Technical Report

1. AMD-FP8-GEMM

Overview

Implemented block-wise matrix multiplication using HIP and the rocWMMA library. Each thread block computes a BM × BN output tile, with a loop inside the block iterating K / BK times. A hierarchical accumulation scheme is employed, requiring two sets of BM × BK × sizeof(float) accumulators. The first set holds intermediate fragment results from each matrix core operation, while the second set accumulates the scaled results over K.
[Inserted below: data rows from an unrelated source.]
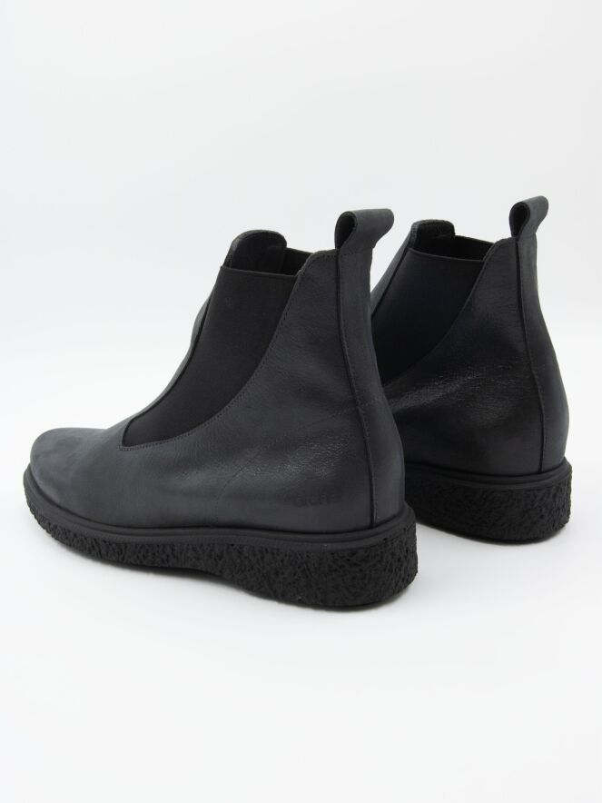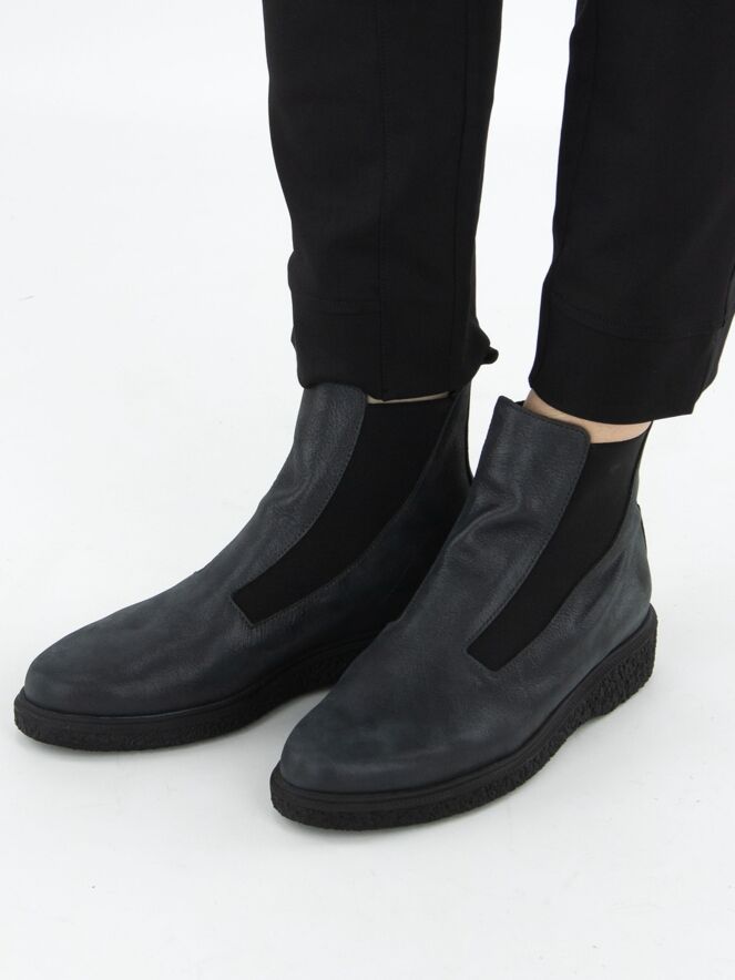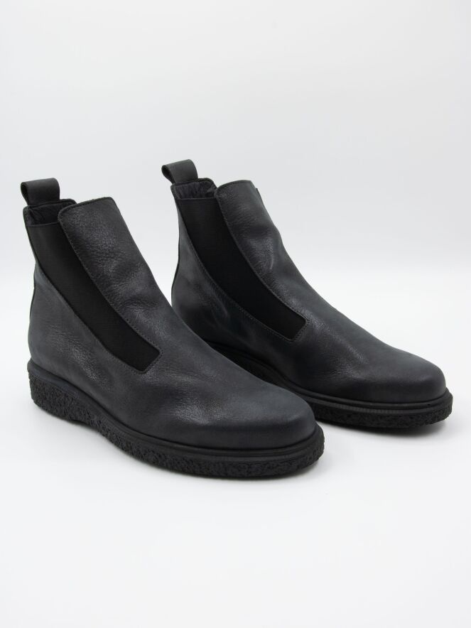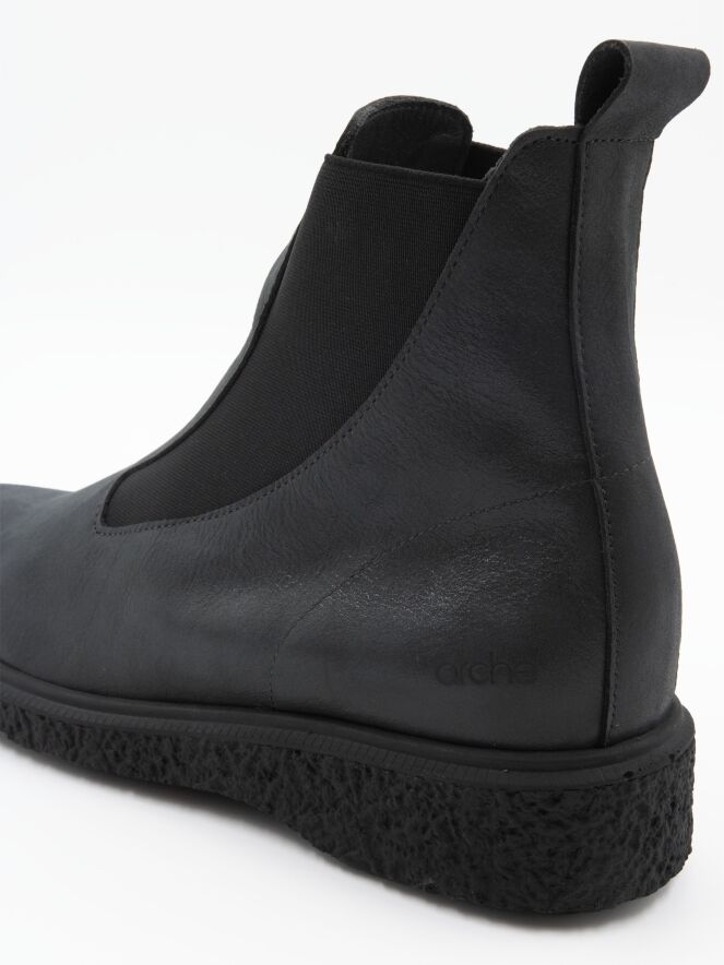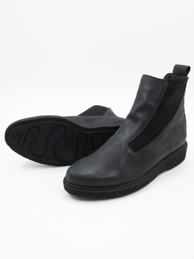 An ankle boot from Arche in dark grey. On both sides of the forefoot is an elastic fabric that is shaped to conform to the forefoot extending to the shaft. The interior is unlined.
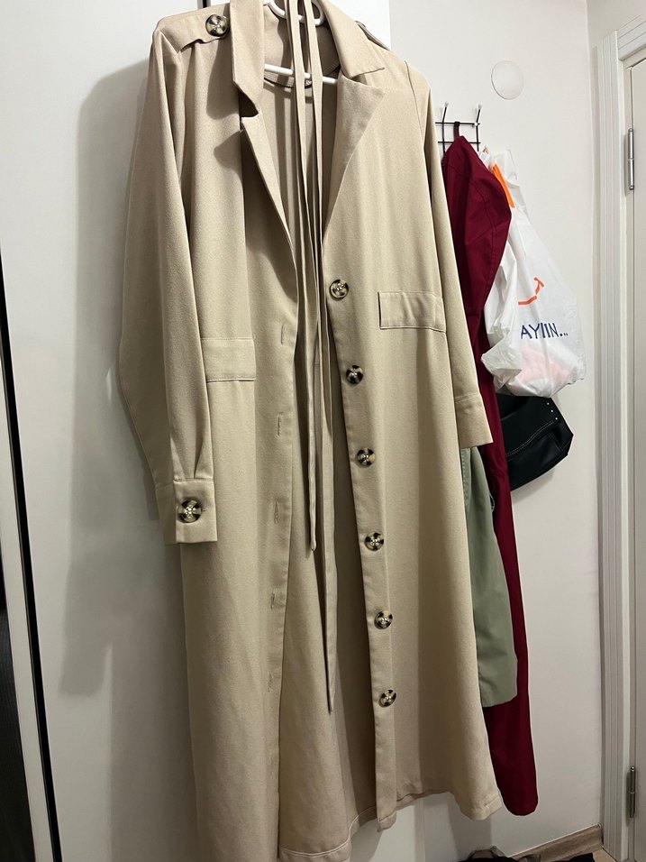 Bej renkli, uzun ve düğmeli kadın trençkot. Geniş kesim, notched yaka ve uzun kolludur. Düz, sentetik kumaştan yapılmıştır
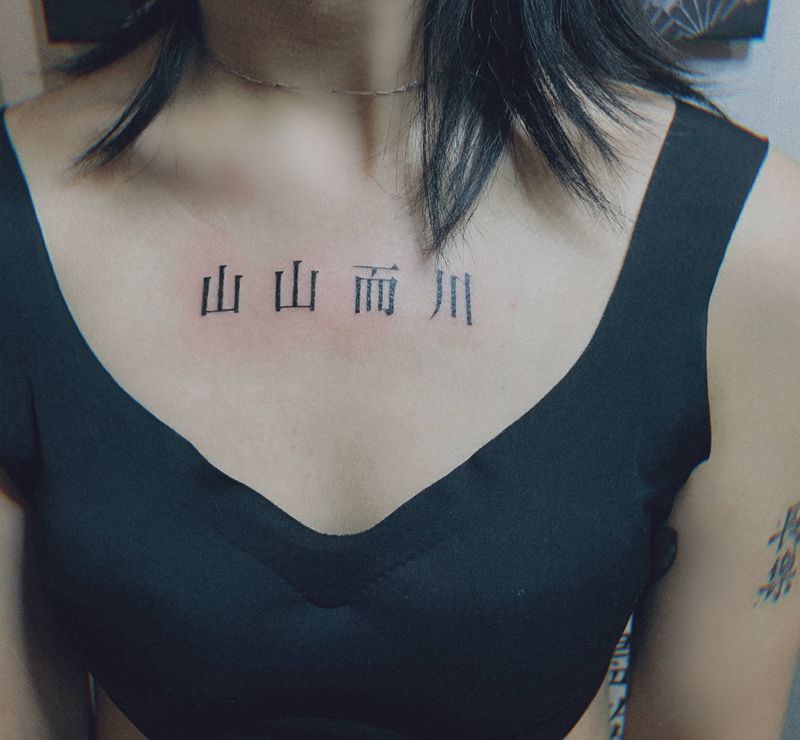 人山海海纹身图片_胸部字纹身图案
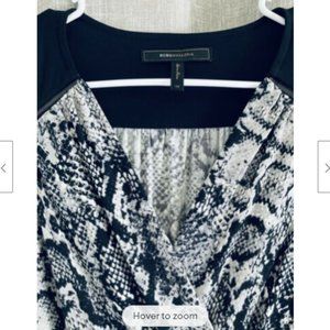 BCBGMAXAZRIA Dress Womens XS Black Gray Snakeskin Print V-Neck Sleeveless.
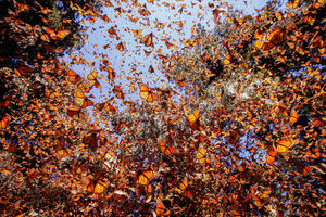 Monarch butterflies migrate to Mexico where there is a gathering of millions upon millions of other Monarch butterflies. They huddle together surviving on stored energy.

Optimization (ordered by importance)

Transpose input matrices to improve L2 cache hit rate and HBM bandwidth utilization.
Batch GDS-to-LDS memory loads.
Pad shared memory to avoid bank conflicts.
Split-K to improve CU occupancy when M and N are small but K is large.
Pipeline GDS-to-LDS loading and Matrix Core computation (requires doubling register buffers).
Fast (but unsafe) float-to-bfloat16 casting.
Block swizzling to further increase L2 cache hit rate.

Future Work

The current GEMM implementation consists of two versions:
- gemm_kernel_legacy: The early version supporting all matrix shapes. Only implements optimizations 2, 4, 6, and 7. Less performant, but offers greater flexibility in supported shapes and parameters.
- gemm_kernel: The current, much faster version, written in a more rigid style, and only supports benchmark shapes and specific template parameters (BM=256, BN=128, BK=128). Implements all optimizations listed above.
Enhancing gemm_kernel to support more template parameter combinations (e.g., BM=128, BN=256) would enable better tuning for various problem sizes and shapes.
Swizzling data in LDS to avoid explicit padding.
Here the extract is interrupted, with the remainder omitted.